Per-sample token usage from inspect logs × the pricing table, recorded on every solutions/gradings row (usd) and aggregated per (run × stage × condition × model) in the ledger. Cache-served calls record usd = 0.0. export verifies ledger totals equal row sums; checking the totals against your provider dashboards is a manual step (expect the batch approximation delta).
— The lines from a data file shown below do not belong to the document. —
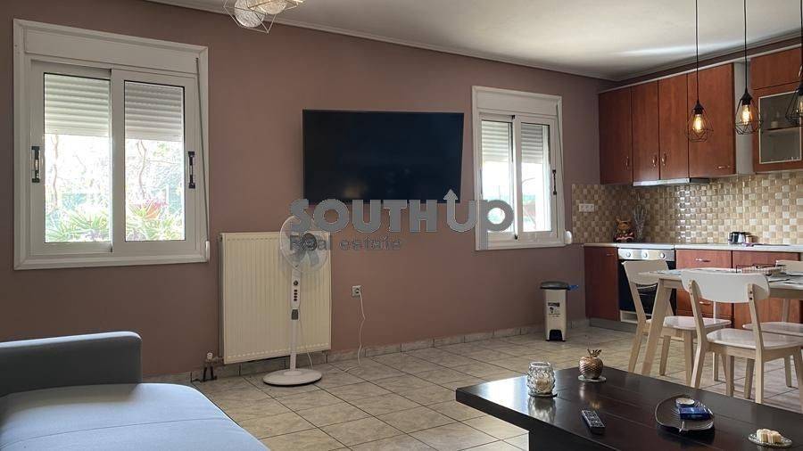 Anavyssos, Mavro Lithari - Floor Apartment 117sqm partially furnished, bedrooms 2, levels 1, ground floor, very good condition, year built 2004, energy class D, living room, kitchen, bathroom, heating type: autonomous (oil), air condition, parking, quiet, dual aspect apartment, unobstructed view view, solar heater, garden, aluminum frames, double glazed windows, ceramic tiles floors, without common charges, three phase electricity, night electricity discount rate, secure door, pets allowed, within city plan, residential zone, northern orientation, access from asphalt.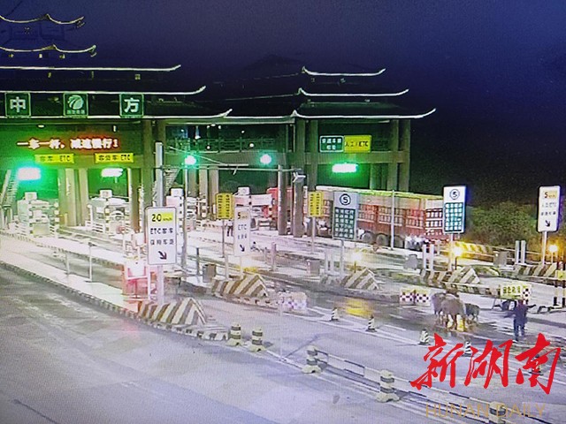 当天23时许,中方收费站当班收费员向凌云发现三头水牛(两头大牛,一头小牛)出现在车道并向高速走去。“班长,车道里有几头牛,快来!”向凌云立即通知当班班长。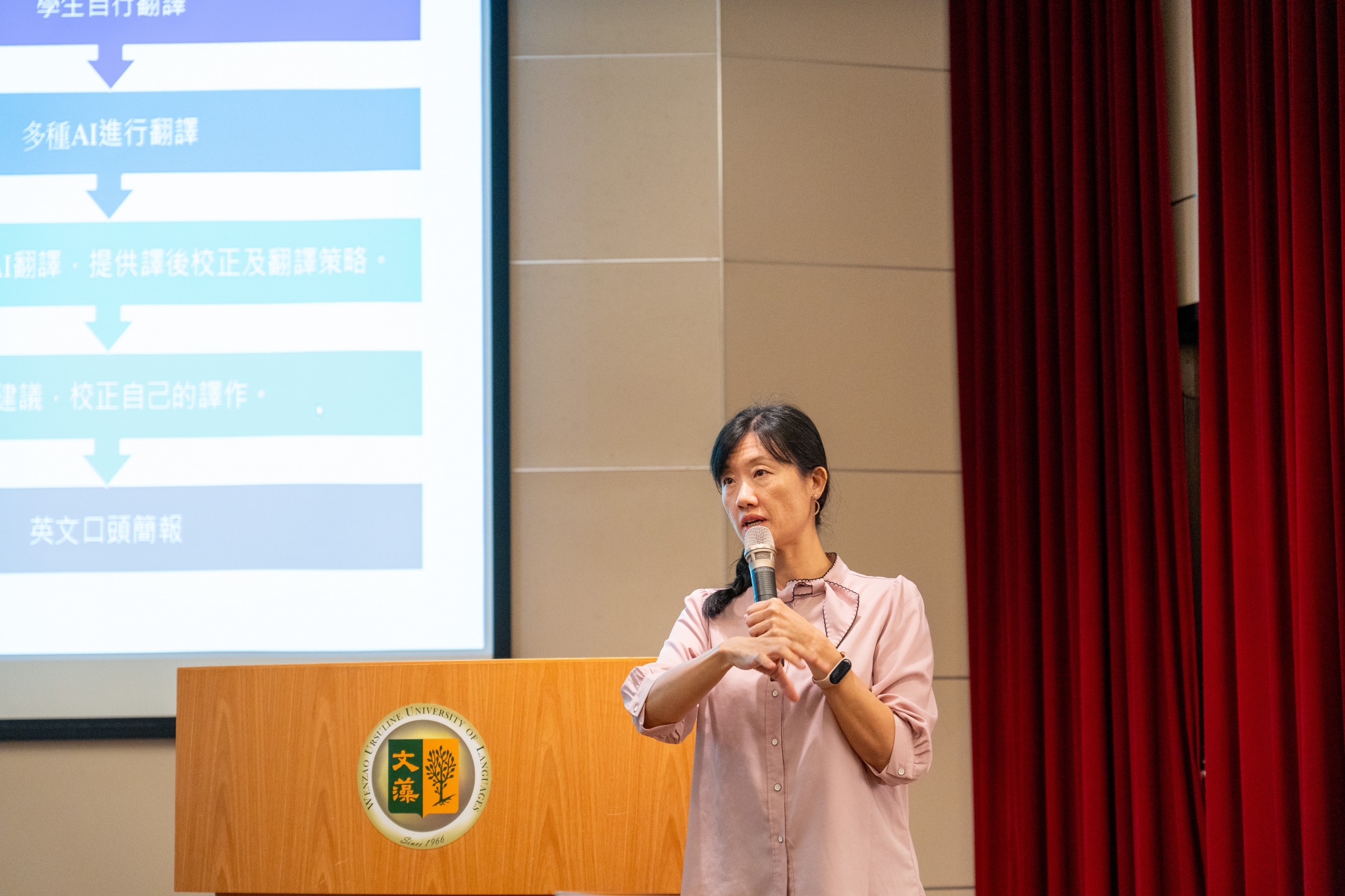 On September 3, 2025, the Teacher Professional Development Conference invited Associate Professor Hui-Chuan Wang from the Department of Translation and Interpreting to share on the topic of “Integrating AI into Curriculum.” Professor Wang introduced the diverse roles of AI in learning support and demonstrated how AI can be integrated into translation teaching. By comparing human and AI translations, students are guided to perform post-editing and enhance their translation strategies. She also shared the latest information on AI talent recognition and certification. The session inspired participating teachers to reflect on how AI can be effectively integrated into courses to cultivate students with essential competencies for the new era.

Savings and per-provider spend

export re-prices the ledger's stored tokens at the current table to report what the package saved versus a plain-API list price, plus a per-provider breakdown (ExportResult.cost, a CostReport):

spend: generate $1.20 | grade $2.92
savings vs list price: $5.68 (58%) — cache $3.10, batch $2.58 (estimated; excludes resume / response-cache reuse)
provider   calls  spend   list_price  saved
anthropic  640    $2.92   $6.30       $3.38
openai     320    $1.20   $3.50       $2.30

Three cost points are computed per ledger row and summed:

point input pricing batch meaning
baseline every input token at the full rate none plain API, no caching/batch
after_cache cached tokens at their discounted rates none caching on, batch off
actual discounted cache rates ×0.5 if batched what you paid

The savings decompose exactly: cache_savings = baseline − after_cache, batch_savings = after_cache − actual, and the two sum to total_savings = baseline − actual. This relies on inspect's accounting that input_tokens excludes cached tokens (true input is input + cache_read + cache_write), so the baseline re-adds the cache buckets at the full rate.

Scope and caveats:

  • Cache writes are a surcharge, not a saving (the first call pays ~1.25× input on the cached prefix); savings only accrue on later reads, so cache_savings can be negative on a run with little reuse.
  • Batch savings inherit the flat 0.5 approximation — provider invoice is authoritative.
  • Resume / response-cache reuse is NOT counted. A local-cache hit carries no usage object, so its ledger row holds null tokens and contributes zero to both actual and baseline. The figure therefore covers the prompt-cache and batch discounts only; counting reuse savings (a join back to the original run's tokens) is a planned follow-up.
  • Reasoning tokens need no special handling — they sit inside output_tokens in both baseline and actual, so they cancel (a cost, not a saving).
  • unpriced models are excluded from the figures and listed separately.